Empat

690 51 0
                                    

Dua minggu berlalu dan besok adalah hari pertama Sasa menginjakkan kaki di SMA barunya. Sasa benar-benar merasa tidak sabar untuk bersekolah dan mendapat teman baru.

Sekarang, Sasa sudah berdiri di depan gerbang mewah sekolah barunya. Sasa melangkah masuk dan langsung mendekati mading yang telah dikerumuni banyak orang.

Setelah bersabar menunggu dan berdesak-desakan, akhirnya Sasa menemukan namanya tertera di kelas yang bertuliskan X Sience 1.

"Permisi, aku boleh duduk disini kan?" tanya seorang siswi berambut blonde dan tubuh menjulang. Saat ini Sasa sudah berada di kelasnya dan ia memilih tempat duduk paling depan.

Sasa memberi senyumannya. "Boleh."

Siswi itu meletakkan tas nya dan mendudukkan diri dengan nyaman. "Aku Helena. Tapi lebih sering dipanggil Lena," kata Lena sambil menyodorkan tangannya.

"Alissa, dan lebih sering dipanggil Sasa," jawab Sasa sembari membalas jabat tangan Lena. Dalam hati ia merasa bahagia karena telah mendapat teman baru.

"By the way, ini pertama kalinya aku bersekolah di sekolah international. Kelihatannya semua anak disini attitude-nya luar biasa," ucap Lena sambil memerhatikan siswa siswi dikelas.

Sasa mengangguk setuju. Orang-orang memandang Rhymes International High School sebagai sekolah yang benar-benar elite. Setiap anak yang diterima rata-rata adalah orang kaya yang tentunya bersikap dan sifat yang baik. Orang-orang memandang siswa disini sebagai orang yang sangat santun. Namun menurut Sasa, semua siswa disini kaku. Berbicara sedikit formal, membungkuk setiap bertemu, bersuara lembut, dan berpakaian rapi layaknya bangsawan.

Sasa sudah bersekolah dengan tipe yang sama sejak kecil. Sehingga terkadang ia penasaran dengan sekolah-sekolah lain yang sering dilihatnya di media sosial. Yang murid-muridnya terkesan aneh dan sedikit gila, namun itu sekolah yang seru. Membolos, menyontek, melanggar aturan, semuanya terdengar menyenangkan dan akan menjadi pengalaman yang tidak terlupakan.

Rhymes International High School memang berbeda. Namun disini tidak seseru sekolah lainnya. Bahkan disini tidak diadakan MOS yang sering Sasa lihat di media sosial.

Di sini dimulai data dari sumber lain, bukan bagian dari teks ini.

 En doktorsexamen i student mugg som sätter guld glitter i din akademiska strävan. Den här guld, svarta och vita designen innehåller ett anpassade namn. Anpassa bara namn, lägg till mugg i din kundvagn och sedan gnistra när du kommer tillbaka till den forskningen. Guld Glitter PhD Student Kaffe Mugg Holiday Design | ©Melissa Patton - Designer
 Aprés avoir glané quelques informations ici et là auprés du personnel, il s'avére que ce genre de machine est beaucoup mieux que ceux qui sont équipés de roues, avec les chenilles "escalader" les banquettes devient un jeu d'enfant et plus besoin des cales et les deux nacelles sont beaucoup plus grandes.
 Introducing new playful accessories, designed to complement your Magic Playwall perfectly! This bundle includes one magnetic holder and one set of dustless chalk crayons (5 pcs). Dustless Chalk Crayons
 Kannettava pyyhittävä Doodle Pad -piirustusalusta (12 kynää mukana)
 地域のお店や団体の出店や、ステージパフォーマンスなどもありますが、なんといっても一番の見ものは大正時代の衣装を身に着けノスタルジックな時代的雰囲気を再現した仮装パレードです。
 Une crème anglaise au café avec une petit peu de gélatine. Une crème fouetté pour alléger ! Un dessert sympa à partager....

Meski MOS terdengar menyebalkan. tapi jika MOS ditiadakan, akan terasa beda bukan?

"Morning, students," tiba-tiba seorang guru berpakaian rapi dengan rambut ikal cantik dan kaca mata memasuki kelas.

"Morning, miss."

"Selamat datang dan selamat bergabung di Rhymes International High School."

<<<•>>>

"Helena Fudelyn, ya," gumam Rex sambil bertopang dagu mengarah ke samping meski tidak ada yang bisa ia lihat.

"Benar. Dia dulunya bersekolah di SMP Negeri Pancasila dan bisa dibilang ini kali pertama dia bersekolah di sekolah international," jawab Larg sambil memegang beberapa dokumen lalu diletakkannya ke atas meja

"Fudelyn..," gumam Rex lagi. "Sedikit tidak asing. Namanya mengingatkanku pada traveling," lanjutnya.

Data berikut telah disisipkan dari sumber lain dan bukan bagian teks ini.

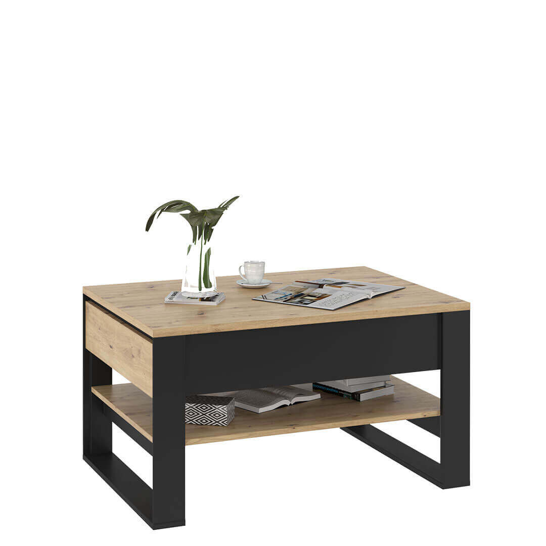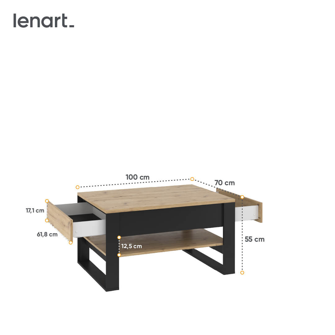 - Stylowy stolik kawowy QUANT QA-09 łączy nowoczesną elegancję z funkcjonalnością - dwa pojemne schowki i praktyczna półka. Wykończenie w kolorze dębu artisan/czarnym, wymiary: 100x55x70 cm.
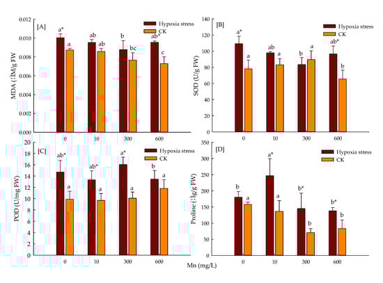 Proline will accumulate in plants in adverse environments. The content of proline in plants reflects the tolerance of plants to adversity in some extent []. It has been reported that proline was accumulated in plant cells due to hypoxia conditions, while the content of proline was lower due to treatment of aeration []. In this study, hypoxia has enhanced accumulation of proline in plants, while high levels of Mn have reduced the content of proline, indicating that increases of Mn protect plant cells from oxidative damage.
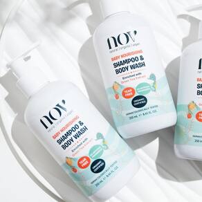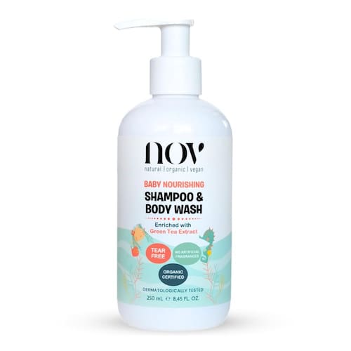 Shampoo e sabonete líquido vegano orgânico natural para bebês NOV | Fórmula vegetal sem lágrimas para limpeza e hidratação suaves, feita sem ingredientes agressivos

"Karena keluarganya memiliki beberapa sektor wisata di 3 benua, Rex. Helena pindah ke Indonesia ketika ia berumur delapan tahun."

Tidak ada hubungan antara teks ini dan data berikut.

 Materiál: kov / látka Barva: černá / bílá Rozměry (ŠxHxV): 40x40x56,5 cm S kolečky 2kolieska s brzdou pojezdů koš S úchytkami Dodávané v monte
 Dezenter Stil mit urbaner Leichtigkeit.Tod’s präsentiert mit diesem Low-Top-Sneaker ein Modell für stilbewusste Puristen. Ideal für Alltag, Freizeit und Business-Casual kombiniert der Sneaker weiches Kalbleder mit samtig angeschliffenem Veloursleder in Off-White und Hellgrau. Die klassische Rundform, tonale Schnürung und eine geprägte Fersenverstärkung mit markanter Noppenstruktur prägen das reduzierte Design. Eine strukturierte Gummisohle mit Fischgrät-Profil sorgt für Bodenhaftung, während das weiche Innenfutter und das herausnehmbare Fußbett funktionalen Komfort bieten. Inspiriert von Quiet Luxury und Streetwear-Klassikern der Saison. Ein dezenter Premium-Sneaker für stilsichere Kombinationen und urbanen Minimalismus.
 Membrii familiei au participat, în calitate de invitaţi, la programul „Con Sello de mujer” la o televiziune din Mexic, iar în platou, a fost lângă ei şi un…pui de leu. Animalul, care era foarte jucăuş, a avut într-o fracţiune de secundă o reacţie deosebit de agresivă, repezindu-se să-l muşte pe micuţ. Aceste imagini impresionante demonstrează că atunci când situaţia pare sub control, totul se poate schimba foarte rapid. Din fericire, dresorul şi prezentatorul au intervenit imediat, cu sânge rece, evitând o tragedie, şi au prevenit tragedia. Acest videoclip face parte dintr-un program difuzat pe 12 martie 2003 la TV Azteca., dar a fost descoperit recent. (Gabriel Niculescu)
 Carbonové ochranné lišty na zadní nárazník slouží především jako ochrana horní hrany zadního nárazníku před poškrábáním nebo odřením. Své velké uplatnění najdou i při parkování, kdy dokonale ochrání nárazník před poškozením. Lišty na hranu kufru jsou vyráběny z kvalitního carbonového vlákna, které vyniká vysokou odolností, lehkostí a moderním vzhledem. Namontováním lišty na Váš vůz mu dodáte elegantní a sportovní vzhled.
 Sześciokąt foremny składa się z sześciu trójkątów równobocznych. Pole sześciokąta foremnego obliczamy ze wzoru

Rex diam, ia nampak sedang memikirkan sesuatu. "Baiklah," ucapnya dengan tegas.

"Lakukan yang perlu dilakukan."

"Siap, Rex," jawab Larg sambil menyimpan berbagai dokumen yang berada di meja ke dalam map.

Rex tersenyum miring, rencananya harus berjalan dengan mulus. Dan langkah pertama yang perlu ia lakukan.